### STUDY MATERIAL
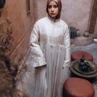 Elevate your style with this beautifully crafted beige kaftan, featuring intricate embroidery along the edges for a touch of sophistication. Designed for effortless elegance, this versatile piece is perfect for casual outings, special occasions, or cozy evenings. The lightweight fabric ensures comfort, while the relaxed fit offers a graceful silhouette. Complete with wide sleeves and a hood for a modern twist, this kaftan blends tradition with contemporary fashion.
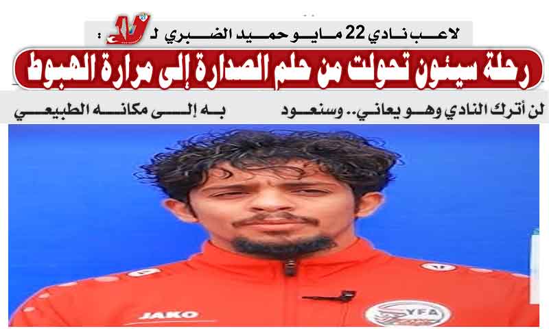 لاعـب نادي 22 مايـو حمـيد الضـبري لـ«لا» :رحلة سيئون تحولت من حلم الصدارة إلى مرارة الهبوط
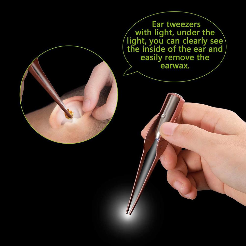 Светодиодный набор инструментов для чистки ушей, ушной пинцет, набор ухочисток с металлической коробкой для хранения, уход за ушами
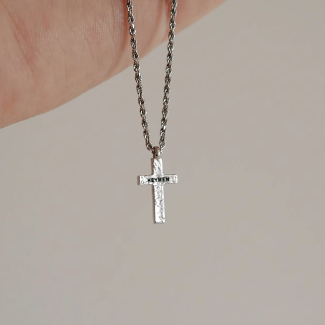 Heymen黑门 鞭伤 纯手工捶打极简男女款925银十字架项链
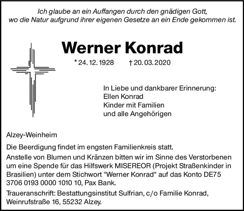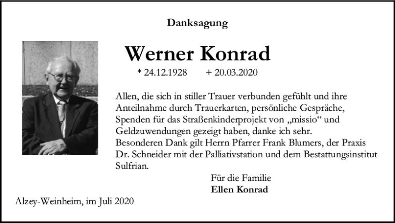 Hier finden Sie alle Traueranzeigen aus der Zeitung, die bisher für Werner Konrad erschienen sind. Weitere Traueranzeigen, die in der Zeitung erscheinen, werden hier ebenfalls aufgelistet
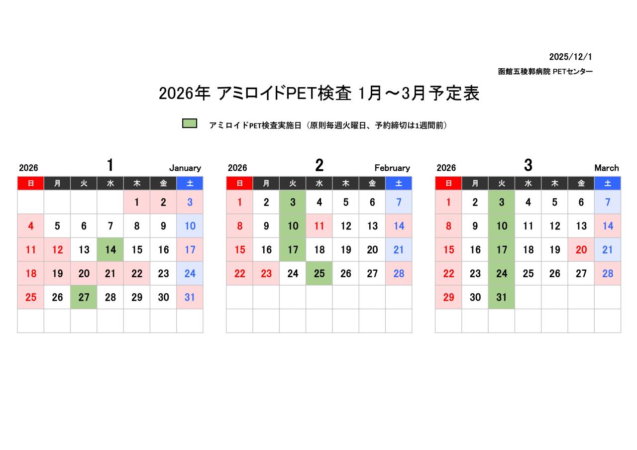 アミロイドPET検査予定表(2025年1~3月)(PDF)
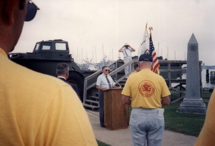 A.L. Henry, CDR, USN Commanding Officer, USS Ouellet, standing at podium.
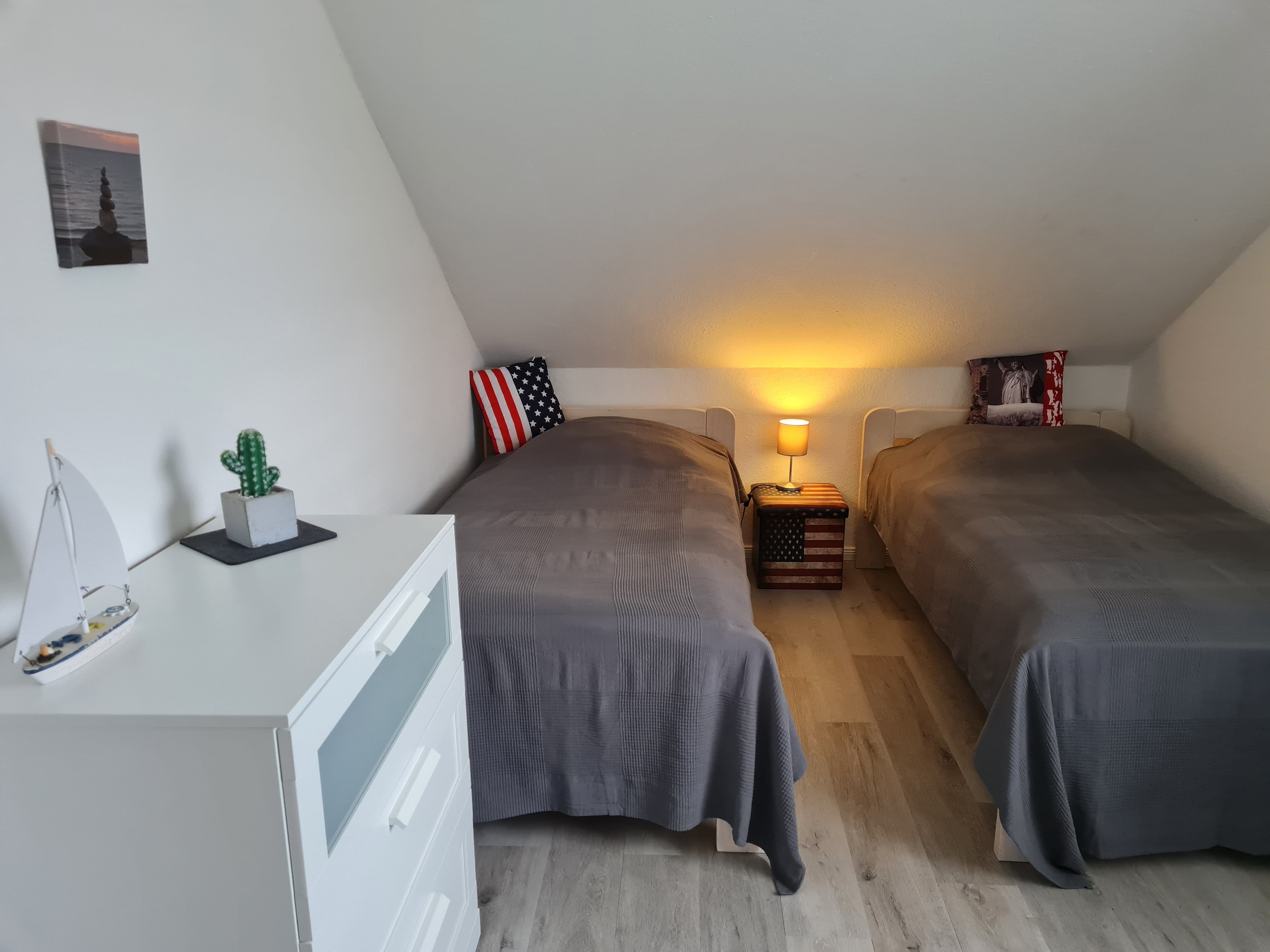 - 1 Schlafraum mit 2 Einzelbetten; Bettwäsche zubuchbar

### WHAT NEEDS TO BE DONE
Each record above must be retyped exactly as given, with the images excluded.

### EXERCISE OUTPUT
 Elevate your style with this beautifully crafted beige kaftan, featuring intricate embroidery along the edges for a touch of sophistication. Designed for effortless elegance, this versatile piece is perfect for casual outings, special occasions, or cozy evenings. The lightweight fabric ensures comfort, while the relaxed fit offers a graceful silhouette. Complete with wide sleeves and a hood for a modern twist, this kaftan blends tradition with contemporary fashion.
 لاعـب نادي 22 مايـو حمـيد الضـبري لـ«لا» :رحلة سيئون تحولت من حلم الصدارة إلى مرارة الهبوط
 Светодиодный набор инструментов для чистки ушей, ушной пинцет, набор ухочисток с металлической коробкой для хранения, уход за ушами
 Heymen黑门 鞭伤 纯手工捶打极简男女款925银十字架项链
 Hier finden Sie alle Traueranzeigen aus der Zeitung, die bisher für Werner Konrad erschienen sind. Weitere Traueranzeigen, die in der Zeitung erscheinen, werden hier ebenfalls aufgelistet
 アミロイドPET検査予定表(2025年1~3月)(PDF)
 A.L. Henry, CDR, USN Commanding Officer, USS Ouellet, standing at podium.
 - 1 Schlafraum mit 2 Einzelbetten; Bettwäsche zubuchbar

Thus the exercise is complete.